The subcommittee was formed soon after Zuma's election as ANC president in Polokwane to "support" him and look at all aspects of his case.

The subcommittee was chaired by Sisulu, who said that it wanted to understand the Zuma case "entirely". "It was specifically looking at legal matters, so that we understand what was behind the case itself, what the various charges mean. So the ANC can understand and decide what to do," she said.

Sisulu said the ruling party remained convinced that Zuma was being unfairly treated by the NPA.

"He is the president of the ANC and the ANC has
always been convinced that a grave injustice has been unfolding *1 in the case of Jacob Zuma.

"On various levels this case has been dragging on for an inordinately unjust period of time for anybody to be facing a trial *2.

"It has been out in the public and everybody is making up their minds about the case from what [information] is available in the media. That is why the ANC has always turned up to support Zuma at the trials, wherever they be.

"Certain assumptions have been made about Jacob Zuma himself."

She did not rule out the possibility of Zuma applying for a stay of prosecution.

"[If] the ANC decides to go that way, that is what it would be. Zuma is the face of our elections and we have
a vested interest in seeing speedy justice done *3.

"And there hasn't been speedy justice and the current environment doesn't allow for the kind of prosecution that would be fair and just and dispassionate," she said.

The ANC's decision would only be made by the NWC formally tomorrow. Sisulu was unable to furnish further details before the matter had been discussed.
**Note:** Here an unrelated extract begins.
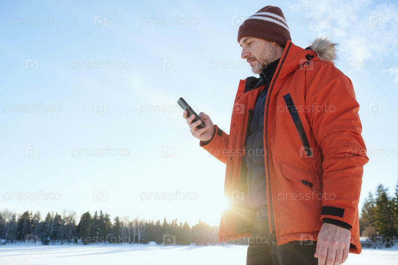 Кавказский мужчина среднего возраста, использующий смартфон на улице в зимний день
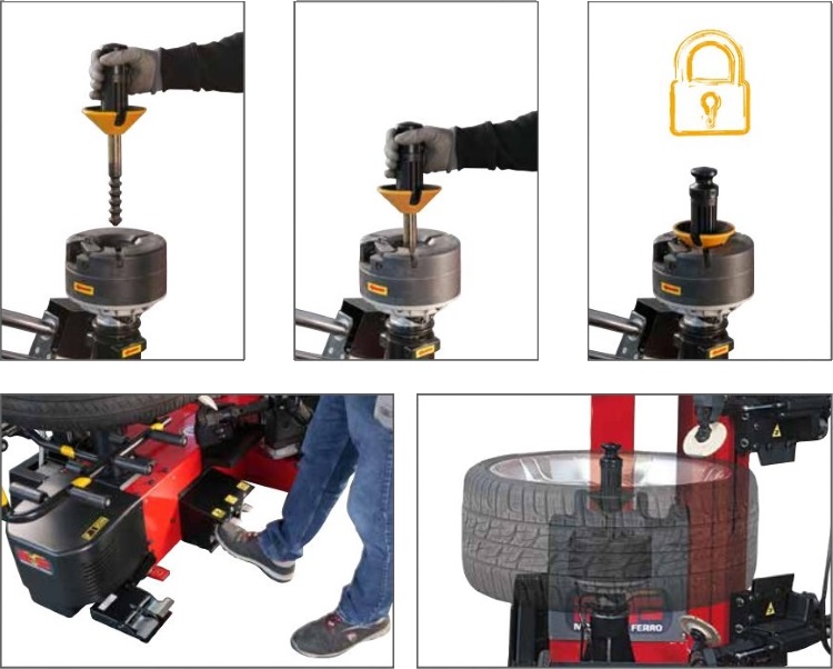 - Автоматический зажим колеса с эффективной, быстрой и простой пневматической системой

With the ANC following every available avenue to dispel the legal cloud over Zuma, the party has also deployed Joe Phaahla and Bathabile Dlamini, two senior NEC members, effectively to run Zuma's office - from his diary right down to the people he meets.

One ANC functionary quipped that the move was to block "
Zuma's personal friends *4 and outsiders from running him from Forest Town (Zuma's Johannesburg residence)".

Phaahla is the "overall manager" and a gatekeeper of Zuma's office.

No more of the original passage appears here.